The Trail of Gold and Silver: Mining in Colorado, 1859-2009, by Duane A. Smith, $26.95. The problem with reviewing Duane A. Smith’s books is that they gain on you. You haven’t finished writing one review when the next one arrives. Smith is Colorado’s most prolific historian, which could be a recipe for a lot of sloppy writing. But Smith is a fine historian, and “The Trail of Gold and Silver” is as good a story of Colorado’s precious metals boom as you’ll find.
The gold rush to the Rockies began in 1858 with the discovery of gold in Cherry Creek. It brought thousands of prospectors in search of quick riches, first panning the creeks, then searching for the mother lode. “The higher the silver strike, the richer the ore” was one bit of wisdom.
Prospectors built cabins on such steep hillsides that a Central City resident wrote in 1864, “If you go into the backyards of the houses, you are in danger of falling down the chimney (of the house below it).”
Gold lured the men to Colorado, but many fortunes came from silver, although it was said that it took a gold mine to operate a silver mine.
Silver also produced some of the rawest towns, such as Leadville — “Vice in its most civilized and repugnant form is everywhere rampant,” a reporter noted. A visitor remarked that by gaslight, Leadville was “an awful spectacle of low vise.”
In a lively account, Smith writes that few of the prospectors who struck it rich ended up with huge fortunes. Finding the precious metal was what mattered, and they sold out, and perhaps wisely. Developing a mine was costly — and litigious. “No litigation equals a mining litigation in its intensity and bitterness,” one mining man said.
Ultimately, mining was not so much about the lonely prospector and his burro as it was about industry. A mine was an industrial operation that required investment and technology. Some of the biggest fortunes were made by those who developed ways to extract ore. The employees were wage earners, and the boom towns quickly became urbanized. Smith weaves all this together in an account that is as entertaining as it is educational.
The Road that Silver Built: The Million Dollar Highway, by P. David Smith, $18.95. President Herbert Hoover called the views on the Million Dollar Highway, the road that links Ouray and Silverton, “the most scenic and spectacular I have ever seen.” He might add the scariest, too, at least for a paved federal highway.
The area along the highway is so extraordinary in fact, that it was considered as the site of Rocky Mountain National Park, contends author P. David Smith. But the route had some 10,000 mining claims in private hands, so the park designation went instead to the Estes Park area.
The first portion of the road was completed in 1881, and charges for its use were steep: $2 for a wagon, 50 cents for a horse and rider. The road was harrowing with steep drop-offs, but it was upgraded when precious metal was found on Red Mountain, although for a long time the road was so narrow that two wagons couldn’t pass.

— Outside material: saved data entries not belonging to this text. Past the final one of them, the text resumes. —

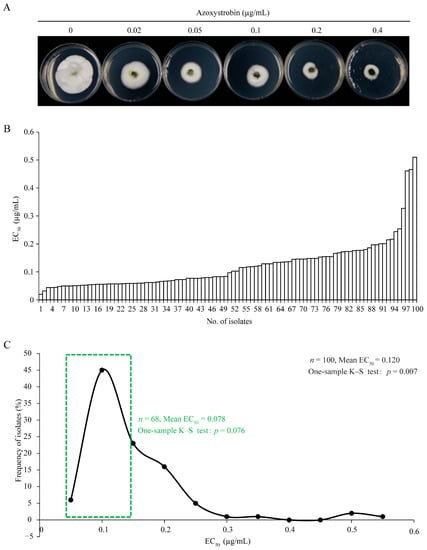 Sensitivity of Ustilaginoidea virens to azoxystrobin. (A) Sensitivity was determined on PSA plates with 0, 0.02, 0.05, 0.1, 0.2, and 0.4 μg/mL azoxystrobin. (B) Sensitivity of 100 U. virens isolates to azoxystrobin. (C) Frequency distribution of EC50 values of 100 U. virens isolates to azoxystrobin. A one-sample Kolmogorov–Smirnov test was performed by SPSS 19.0. p value < 0.05 means it is not normally distributed, and p value > 0.05 means it is normally distributed.
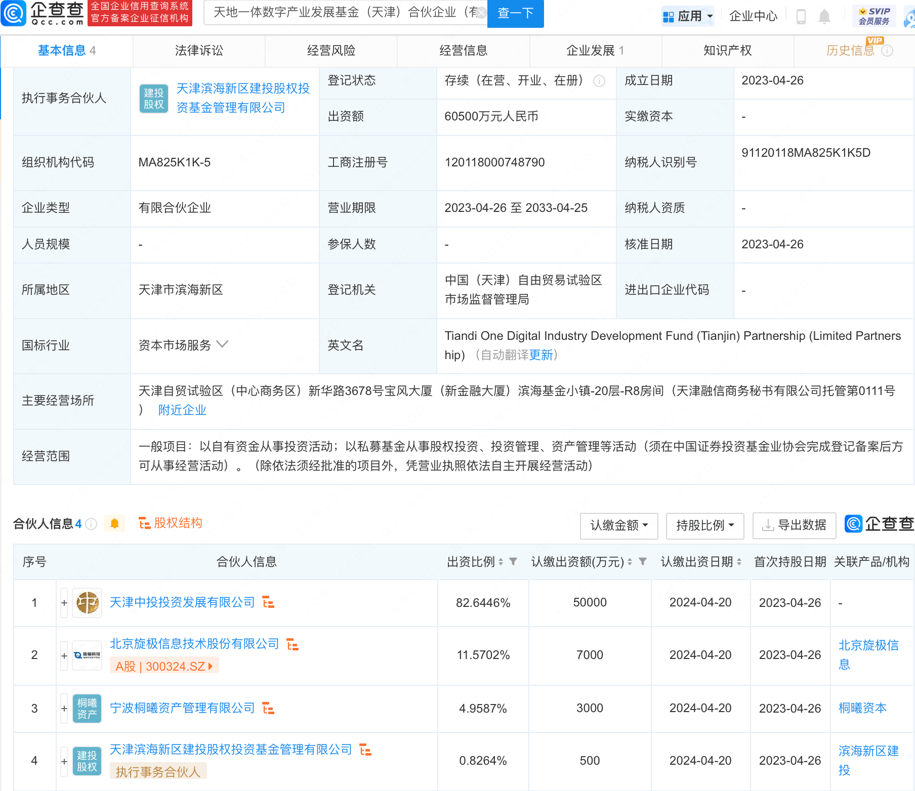 企查查APP显示,天地一体数字产业发展基金(天津)合伙企业(有限合伙)成立,执行事务合伙人为天津滨海新区建投股权投资基金管理有限公司,注册资本6亿余元,经营范围包含:以自有资金从事投资活动;以私募基金从事股权投资、投资管理、资产管理等活动。企查查股权穿透显示,该公司由旋极信息(300324)等共同持股。
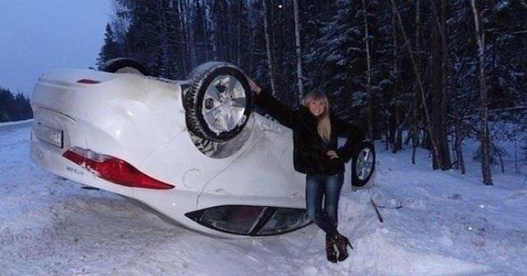 Жена звонит мужу, что попала в аварию. Он приезжает, видит машину лежащую на обочине на крыше, вокруг все, что из нее вывалилось... Интересуется:
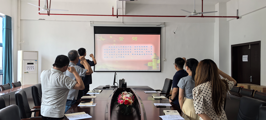 会议最后,全体党员在邹林书记带领下,面对党旗庄严宣誓,重温入党誓词。
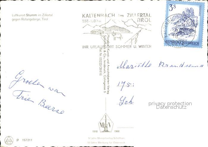 72438199 alte Postkarte Stumm Zillertal postalisch gelaufen Erhaltung siehe scans KatCode: 11390335070931
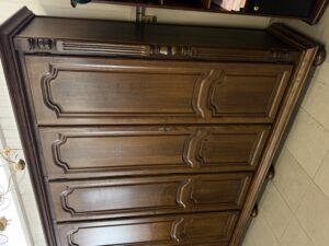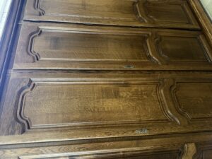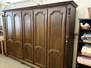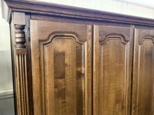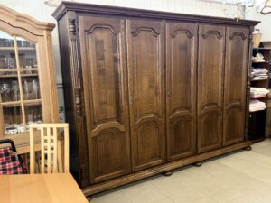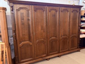 476 zdobená pětidveřová dubová skříň 305x65x212cm za 11840Kč
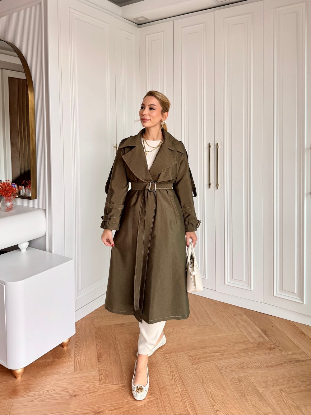 Trençkot Kolda ve Bilekte Kemer Detaylıdır.
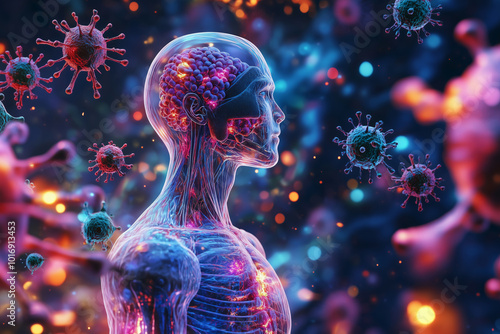 Exploring the intricate relationship between human immunity and pathogen defense in a vibrant world of cells and microbes
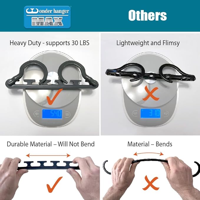 - HEAVY-DUTY DESIGN: Built from heavy-duty, reinforced plastic, the Wonder Hangers are made to last and durable enough to hang heavy jackets, tablecloths, and throw blankets. Crafted from durable materials, it can hold up to 30 lbs per hanger. It's strong enough to hold your bulkiest winter wear yet versatile enough to hang your entire wardrobe with ease. The Wonder Hanger Max is designed to hold a tremendous amount of weight and is arranged vertically to maximize closet space.
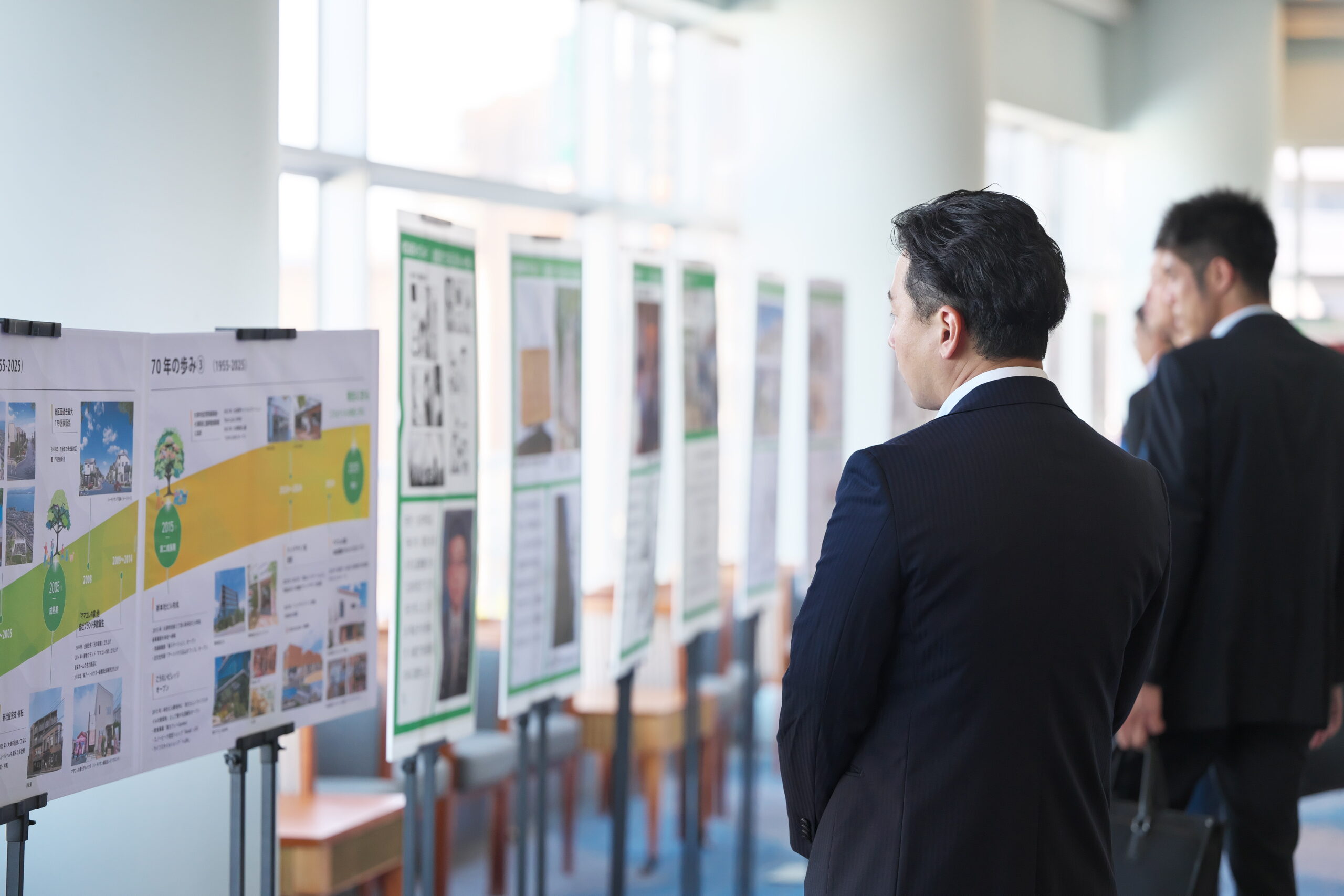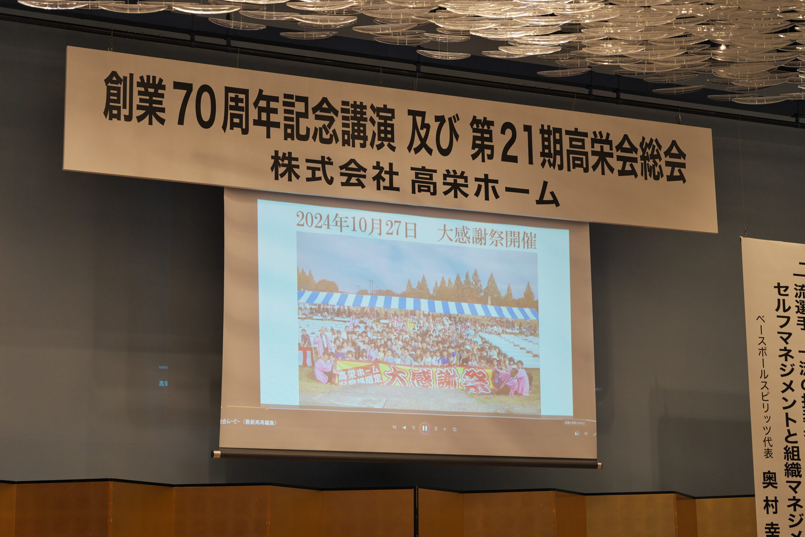 2025年9月6日に「高栄会総会及び創業70周年記念式典」を開催いたしました。創業70周年記念式典ということで、これまでの高栄ホームの歴史をパネルにして展示いたしました。
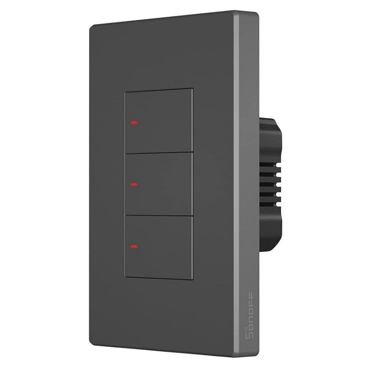 El Interruptor de Pared Sonoff M5-120 es un interruptor inteligente con 3 botones físicos, ideal para gestionar de manera eficiente tus dispositivos en el hogar inteligente.

In this well-illustrated account, Smith tells the story of the building of the road along with the history of the mountain towns, from early mineral discovery into the 20th century. During Prohibition, some 60 bootleggers operated in one Silverton alley, and in 1932 the town had 32 prostitutes.
Denver’s Extraordinary Faith-Healing Messiah, by Bill Blanning, $22.50. In the summer and fall of 1895, Francis Schlatter drew enormous crowds in Denver as he preached and healed the sick. Schlatter refused money, went where “Father” told him to go, and ate little, although in a meal breaking a 40-day fast, he consumed 11 eggs, nine slices of bread, 11 ladles of gravy, three pieces of chicken, cake, cheese, pickled apples and four glasses of port. He followed the meal with peaches and grapes.
His followers claimed Schlatter was divine. He once refused to touch a stranger because the man, Schlatter claimed, was a murderer. After a couple of months, the healer disappeared from Colorado, spending time on the Morley ranch in New Mexico, according to writer Agnes Morley Cleaveland in her book “No Life for a Lady.”
Schlatter’s ministrations were covered in front-page stories by newspapers in Denver and across the nation, attracting the sick from all over the country, and cities elsewhere extended invitations for Schlatter to visit. “Denver’s Extraordinary Faith-Healing Messiah” is a collection of these stories.
Schlatter was treated mostly with respect by reporters, many of whom witnessed the preacher’s miracles. Oddly enough, only one of them asked Schlatter if he were Christ. The man’s answer was yes.
Sandra Dallas is a Denver novelist who writes regularly on regional nonfiction.